Alexander Woollcott said that 'Chaplin's like has not passed this way before. And we shall not see his like again.' And 'Chaplin is arguably the single most important artist produced by the cinema' is attributed to Andrew Sarris. Charles Chaplin, Jr. appeared in this world in 1889 and left it in 1977. What he accomplished in the eighty-eight years allotted to him has given his public many, many hours of enjoyment. His participation in the birth of film making was his gift to the world.

Born to a drunken father and a psychotic mother, it is amazing that he survived, let alone accomplished what he did. His older half-brother Sydney watched out for his younger sibling and was responsible for Chaplin's getting his break in the field of entertainment.

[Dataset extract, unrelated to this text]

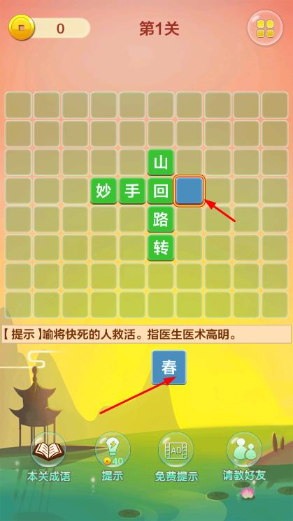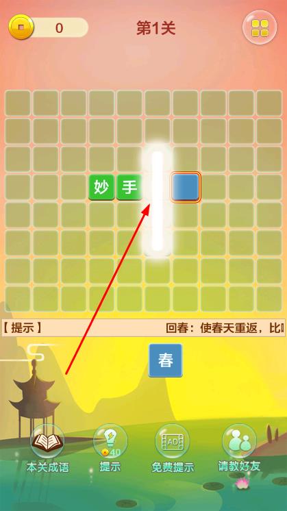 1、進(jìn)入關(guān)卡1,根據(jù)界面已有的成語(yǔ)字塊和下方提示字,拖動(dòng)提示字到合適的空白方格處,填充成語(yǔ)。

When Charlie was seven, he and Sydney were sent to an orphanage. His beloved mother had been an actress and singer, who lost her voice before she lost her mind. She instilled in her sons her love of the theater and performed for Charlie and his brother, while teaching them the ins and outs of the profession.

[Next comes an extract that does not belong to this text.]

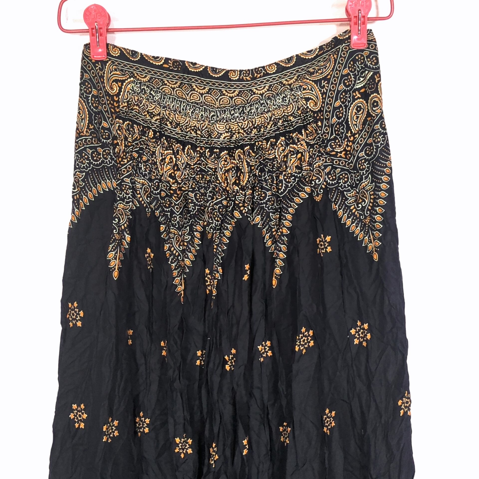こちらは、薄手のレーヨン100%で作られたタイパンツのキュロットタイプです。ウエストの後ろがゴム仕様です。軽やかな素材感で、レイヤードスタイルにもぴったりなアイテムです。カジュアルなスタイルを楽しみたい方におすすめ!歩くとゆらゆらするシルエットが素敵です。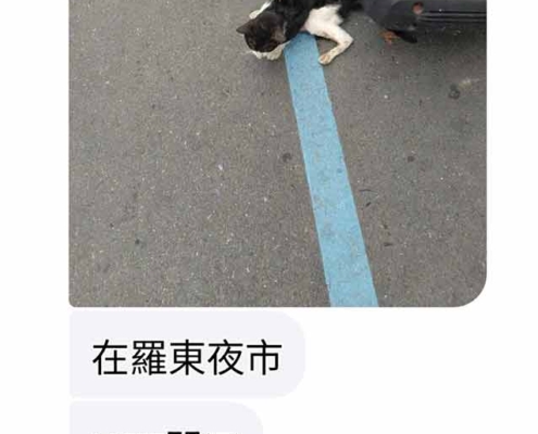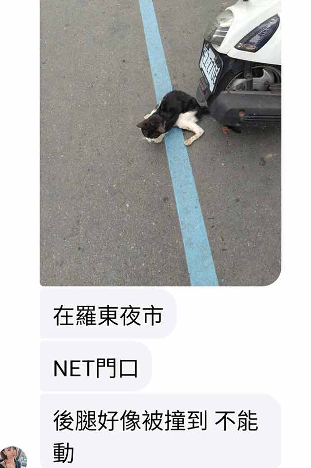 這隻浪貓被車撞傷 我們接獲通報後 奔往現場救援

Chaplin did not like performing in front of a live audience in fact, he froze one time and couldn't continue his act. But his skill and timing were undeniable and, at a young age, he was making a name for himself. Arriving in Hollywood, he contracted with Max Sennet and began making minutes' long films. His comic antics were not happenstance, but were rigorously researched for the optimum effect.

His talent drove him. Author Stephen Weissman puts forward the idea that the plots for Chaplin's many films rescuing young women in danger reflected his effort to save his mother, something he was unable to do either as a child or an adult. Regardless of the reasons for his storylines, his talent shone through. Hopefully, his family life gave him peace. He married Ona O'Neil and had eight children by her. Chaplin: A Life is a fascinating read, even for younger readers who might no longer recognize his name. We all have much for which to thank him.